Checks whether the provided element is there, using equal.

val length : 'a t -> int
val is_empty : 'a t -> bool
val iter : 'a t -> f:( 'a -> unit ) -> unit
val fold : 'a t -> init:'accum -> f:( 'accum -> 'a -> 'accum ) -> 'accum

fold t ~init ~f returns f (... f (f (f init e1) e2) e3 ...) en, where e1..en are the elements of t

val fold_result : 'a t -> init:'accum -> f:( 'accum -> 'a -> ( 'accum, 'e ) Result.t ) -> ( 'accum, 'e ) Result.t

fold_result t ~init ~f is a short-circuiting version of fold that runs in the Result monad. If f returns an Error _, that value is returned without any additional invocations of f.
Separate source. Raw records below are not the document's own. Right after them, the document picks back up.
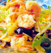 Das Öl im Wok sehr heiß werden lassen, die Zwiebeln, die Karotten, die Frühlingszwiebeln, den Staudensellerie, die Bambus- und Sojasprossen, die Champignons und die Pilze hineingeben und 2 Minuten pfannenrühren. Mit der Brühe aufgießen, die Glasnudeln zugeben und 2 Minuten pfannenrühren, dann das Fleisch zugeben. Die Sojasauce, den Zucker, die in Sherry angerührte Speisestärke zufügen und unter Rühren aufkochen lassen, bis die Sauce sämig ist. Mit Salz und Pfeffer abschmecken und in einer vorgewärmten Schüssel servieren.
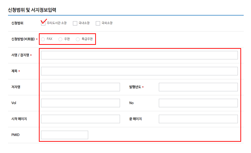 (2) 자료를 전달 받을 방법을 선택 후 서지 정보 입력 (외국학술지지원센터 소장 자료를 신청하셔야 무료입니다.)
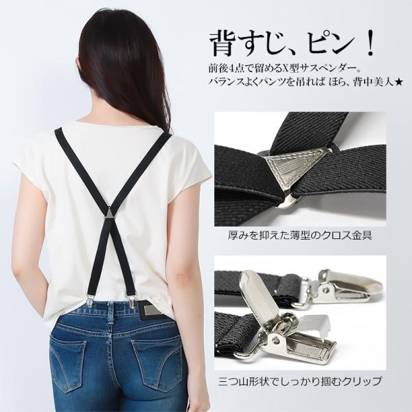 4つのクリップでバランスよくパンツを吊れる、定番のX型サスペンダー。
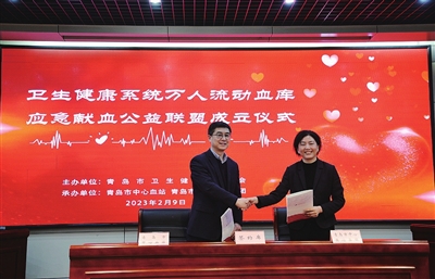青岛市中心血站和青岛市中心医疗集团在活动现场签署《卫生健康系统应急献血公益联盟协议书》。
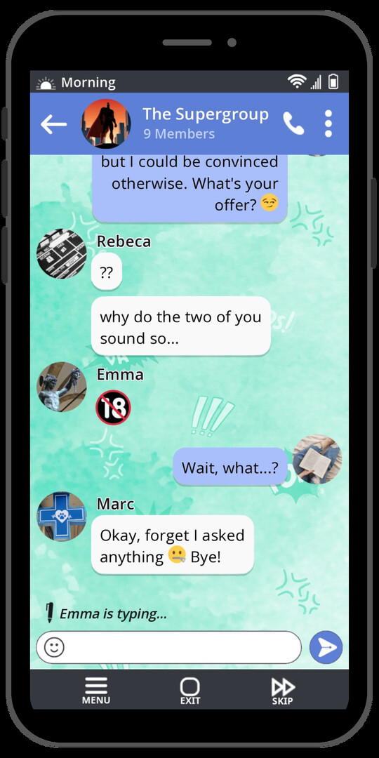 -Play as if it were a real messaging app. Chat, receive and make calls, browse the profiles of your contacts...
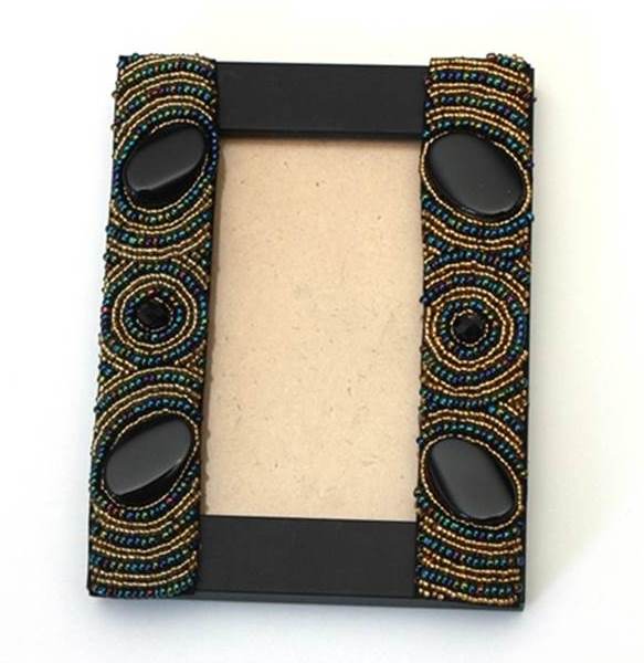 Perfect for gift giving, this statement frame is embellished with handsewn beading made of black onyx stones, iridescent crystals and multicolored seed beads. Comes with gift box for easy gifting.
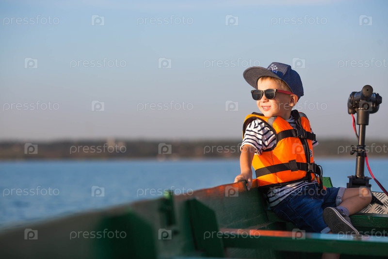 Красивый, модный 5-летний мальчик в ярком спасательном жилете и солнцезащитных очках катается на моторной лодке по озеру на закате. Отдых и туризм
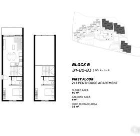 Проект состоит из пяти жилых блоков и 43 квартир, которые имеют превосходный ландшафтный дизайн и панорамные виды на море и горы.
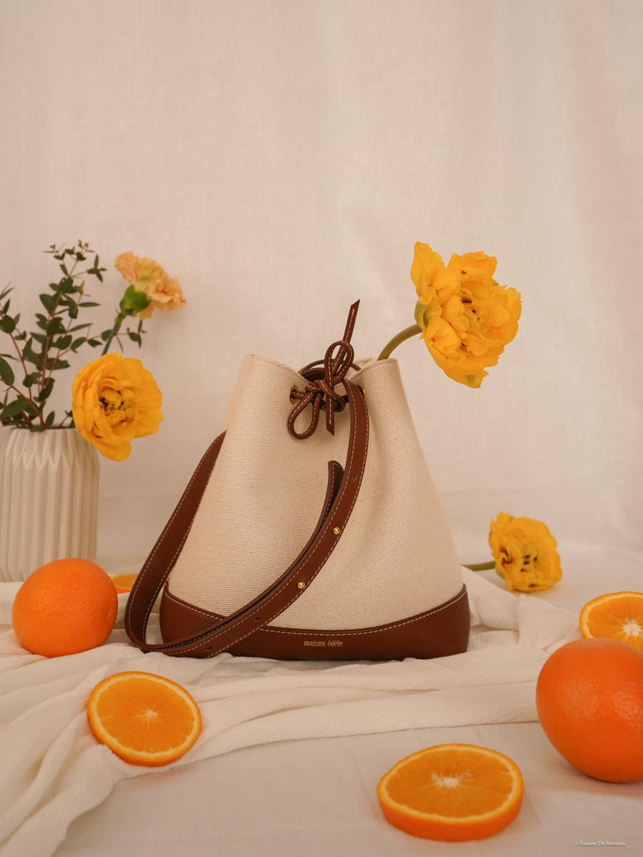 Créée par Eva, Maison Édèle est une jeune marque de maroquinerie lyonnaise. Elle propose des pièces qualitatives alliant matières éco responsable et fabrication 100% française. Nous avons choisi le sac seau "Cléome" en toile de coton recyclé mixé à des détails en cuir éco responsable. Un must have pour cet automne qui saura se marier divinement bien avec votre meilleur trench coat. Site - Instagram

val fold_until : 'a t -> init:'accum -> f:( 'accum -> 'a -> ( 'accum, 'final ) Container.Continue_or_stop.t ) -> finish:( 'accum -> 'final ) -> 'final

fold_until t ~init ~f ~finish is a short-circuiting version of fold. If f returns Stop _ the computation ceases and results in that value. If f returns Continue _, the fold will proceed. If f never returns Stop _, the final result is computed by finish.

Example:

type maybe_negative =
  | Found_negative of int
  | All_nonnegative of { sum : int }

(** [first_neg_or_sum list] returns the first negative number in [list], if any,
    otherwise returns the sum of the list. *)
let first_neg_or_sum =
  List.fold_until ~init:0
    ~f:(fun sum x ->
      if x < 0
      then Stop (Found_negative x)
      else Continue (sum + x))
    ~finish:(fun sum -> All_nonnegative { sum })
;;

let x = first_neg_or_sum [1; 2; 3; 4; 5]
val x : maybe_negative = All_nonnegative {sum = 15}

let y = first_neg_or_sum [1; 2; -3; 4; 5]
val y : maybe_negative = Found_negative -3
val exists : 'a t -> f:( 'a -> bool ) -> bool

Returns true if and only if there exists an element for which the provided function evaluates to true. This is a short-circuiting operation.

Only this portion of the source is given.